The company already plans to open source its code so that it can be publicly audited. One of the reasons for the company doing this is to gain more trust from the communities it serves, but there are two other reasons for taking this step.
The first is about the company’s philosophy.
“First of all, philosophically, our number one goal is to build tools that combine the best of the free technologies that are out there,” Nwosu explained.
“We believe that for a lot of people, privacy and authenticity are really important when it comes to anything that deals with communication, money, etc., and the only way to ensure that at the highest level is for Fedi itself to eventually be open source,” he added.
The other main reason has to do with following trends in Bitcoin and the broader free tech sector.
“The second thing is we’re part of the freedom technology community and the bitcoin community,” Nwosu said.
“Five years ago, for an organization like ours, the idea of open sourcing[our code]would have seemed really weird, if not insane. Our prediction is that five years from now it will be insanity to be closed source, and we are seeing that transition,” he added.
“That’s the future. We’re just getting ahead of it.”
In a world where it’s much easier to replicate apps, Nwosu isn’t worried that Fedi copycats will surpass what the company is offering.
“We realized that what’s going to have enduring power is the network effect and the human element of business,” Nwosu says, “so we built a business model that really leverages human networks, which can’t be easily replicated.”
Global Recruitment
Fedi is currently focusing most of its efforts on the Global South, including regions like Africa, Latin America and Southeast Asia, but the goal is eventually for “everyone everywhere” to be using Fedi, Nwosu said.
But the company is starting in the Southern Hemisphere because it plans to meet the needs of those who are often left behind, which will ultimately meet the needs of everyone.
“When you look at the pyramid of users and needs, if you focus on the top few percent of users, it becomes very difficult to reach segments of users that may have fewer resources and assets,” Nwosu explained.
“If the car you’re making is a Ferrari, it’s very difficult to make that car for everyone.

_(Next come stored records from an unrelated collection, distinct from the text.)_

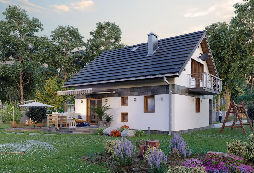 Graficzne opracowanie rzutów poglądowych widocznych na karcie projektu zostało wykonane przez Extradom.pl. Prezentowane przez Extradom.pl wizualizacje wykonane zostały przez autora projektu i należy poczytywać je jedynie za przykład i propozycję wykończenia, wizję architektoniczną autora projektu. Ostateczne wykończenie budynku może nastąpić na wiele sposobów. Szczegółowe rozwiązania zastosowane w oferowanej dokumentacji - w tym również ilość, lokalizacje i wygląd okien, drzwi, kominów - mogą w niewielkim stopniu różnić się od prezentowanej wizualizacji budynku.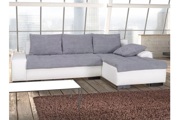 Relaxačná sedacia súprava vyniká širokým sedákom a ponúka tak veľa miesta pre chvíle lenošenia. Biela ekokoža kombinovaná mäkkou, šedou látkou.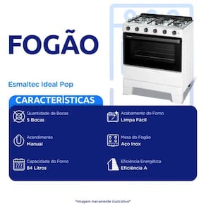 O Fogão Ideal Pop da Esmaltec, chegou para facilitar ainda mais a sua rotina na cozinha! São 5 bocas com acendimento manual, além de te proporcionar trempes com mais segurança e estabilidade para suas panelas. Confira mais detalhes: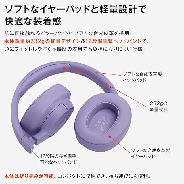 ソフトなイヤーパッドと約232gの軽量設計で快適な装着感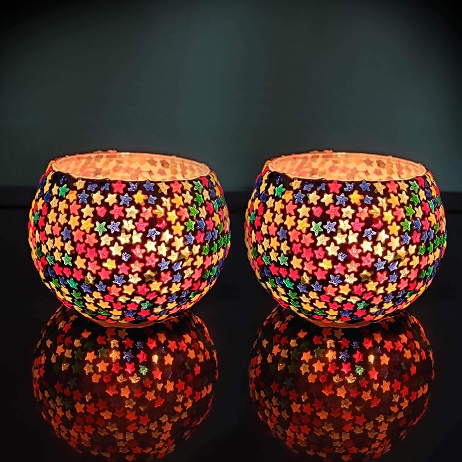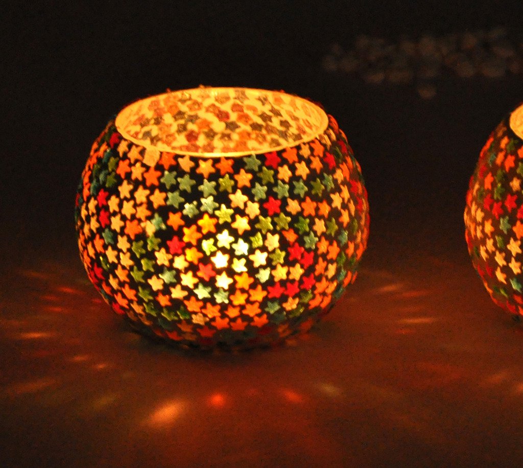 Package Contains : Pack of 2 Turkish Mosaic Glass Tealight Candle Holders Votives

But if the car you’re making is a VW Golf, it’s very easy for people who can afford more than a VW Golf to stick with a VW Golf,” he added.
“Focusing on the most underpowered communities will result in products and tools that work for everyone, not just a few. If you’re aiming for the widest funnel, you should be trying to reach as wide as possible, which means starting to focus on the people you would normally focus on at the end, rather than the beginning.”
Also, people around the world are struggling to manage and use Bitcoin, and Fedyo’s approach of providing human support to users could help Bitcoin function as its intended purpose: peer-to-peer electronic cash.
“Software alone can’t solve this problem,” Nwosu said. “If we want this to be used as a means of exchange, it has to be a combination of software and people.”